Saturday, June 2, 2018

ACCIDENT CLAIM

In a 1st, HC recognises religious body as legal heir of dead nun

Sureshkumar.K@timesgroup.com

Chennai: 02.06.2018


In a significant first, the Madras high court has recognised a religious organisation as the legal heir of a deceased person, and declared it eligible to receive compensation in a motor accident claim.

Justice A M Basheer Ahamed permitted St Maria Auxilum Sisters’s Congress, represented by its mother general, Sister Animariya, to claim compensation for the death of Sister Alangara Mary.

On March 1, 2002, Mary died in a road accident involving a

state transport corporation bus, while she was riding a twowheeler on the Trichy-Dindigul road.

Claiming that the death occurred due to rash and negligent driving by the bus driver, the congress, of which Mary was a member, approached the Motor Accident Claims Tribunal, Trichy, seeking compensation.

Allowing the claim, the tribunal directed the Tamil Nadu State Transport Corporation Ltd, (Kumbakonam Divisional 2), to pay ₹3.22 lakh as compensation to the congress.

‘Employer cannot be legal heir of dead staffer’

Aggrieved, the corporation preferred the present appeal in the high court.

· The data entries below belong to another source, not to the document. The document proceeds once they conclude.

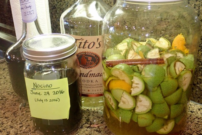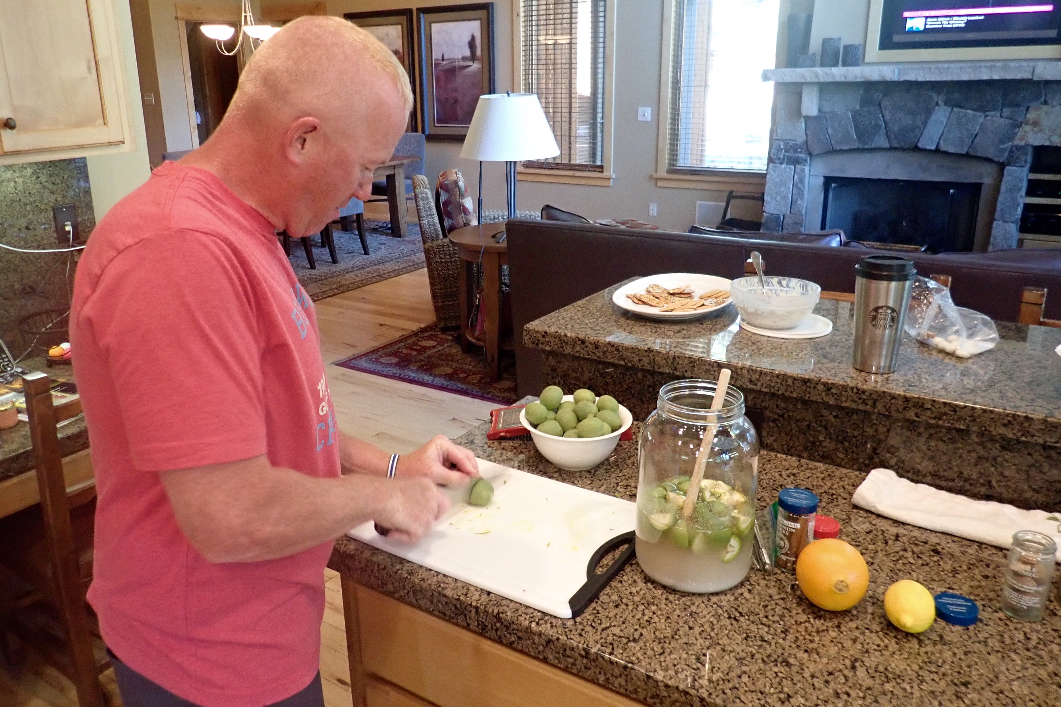 Making nocino. Thank you Mike for chopping the green walnuts into quarters:
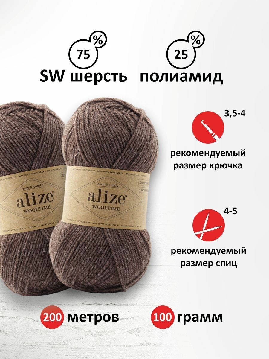 Пряжа для вязания ALIZE 'Wooltime', 100г, 200м (75% SW шерсть, 25% полиамид) (240 какао), 5 мотков информация:
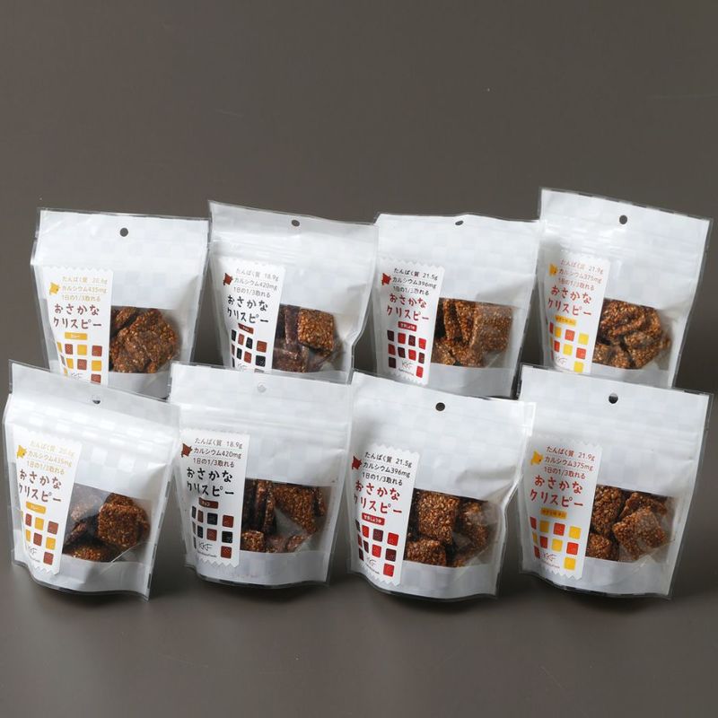 【セット】これまで使用されていいなかった「スケソウダラ」のハラスを焼いて、カルシウム・たんぱく質が豊富な水産珍味を作りました。甘辛しょうゆ、カレー、ゆず七味、チョコレートの4種の味を2個づつセットにしました。
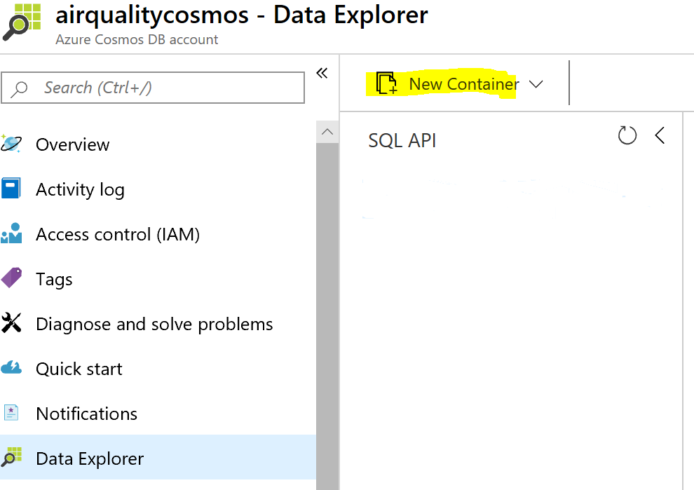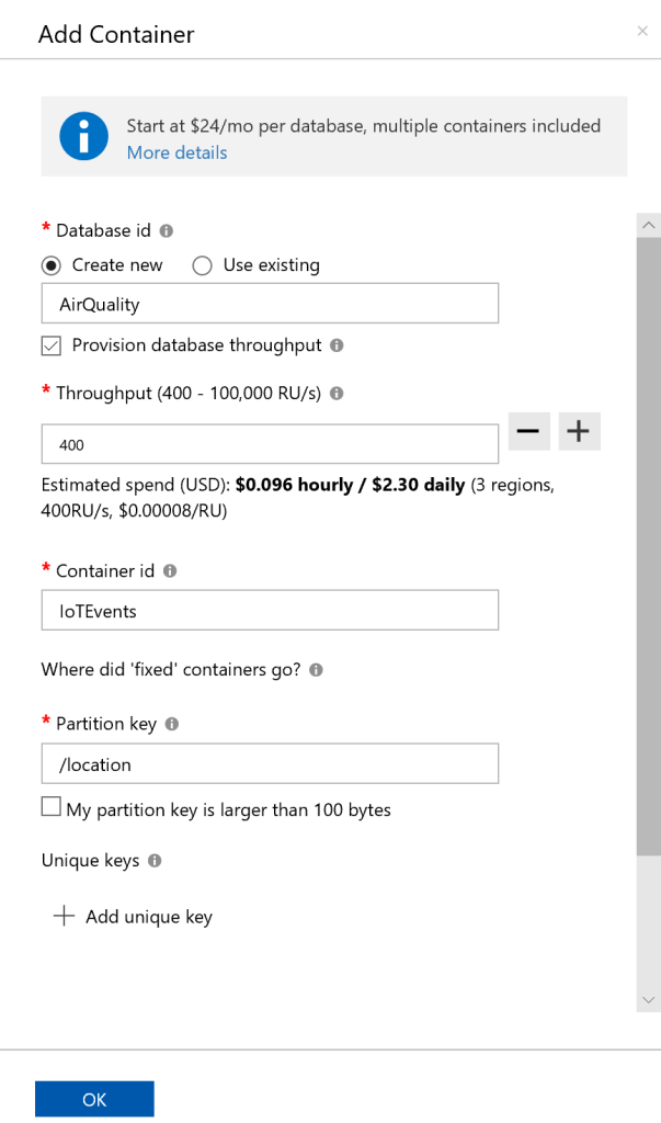 Create a database and container for the AirQuality messages. We can set the RU/s to 400 (learn more about Cosmos DB Request Units). Location would appear to be the logic partition choice given the message attributes.

When the plea came up for hearing, the corporation disputed the locus standi of the congress to claim compensation, as legal dependent of the deceased.

The corporation contended that a religious organisation cannot be a legal representative of the deceased claiming compensation. “There was an employer-employee relationship between the deceased and claimant, and so an employer cannot be a legal heir of the deceased employee,” the corporation said.

Opposing the contention, the congress relied on the decision made by the Supreme Court in Montfort Brothers of St Gabriel case and said a religious organisation might suffer considerable loss due to the death of voluntary worker making it eligible to claim such compensation.

“The deceased joined the organisation and did services to the society after denouncing her family and was working as a sister under the congress prior to the date of accident. The tribunal concluded that the claimant organisation suffered considerable loss due to the death of the voluntary worker in a fatal accident and has allowed the claim,” the congress said.

Concurring with the submissions, the judge said, when there is no evidence that the deceased was having other legal representative on the date of the accident, considering the decision of the Apex Court relied on by the congress, it has locus standi and entitled to maintain the claim petition, as legal representative of the sister.

Welcoming the judgment, advocate and motor accident claim expert V Suresh said: “Though the Supreme Court has upheld the legal right of such institutions to claim compensation on the death of its members, this is the first time the high court has allowed such a claim petition in Tamil Nadu.”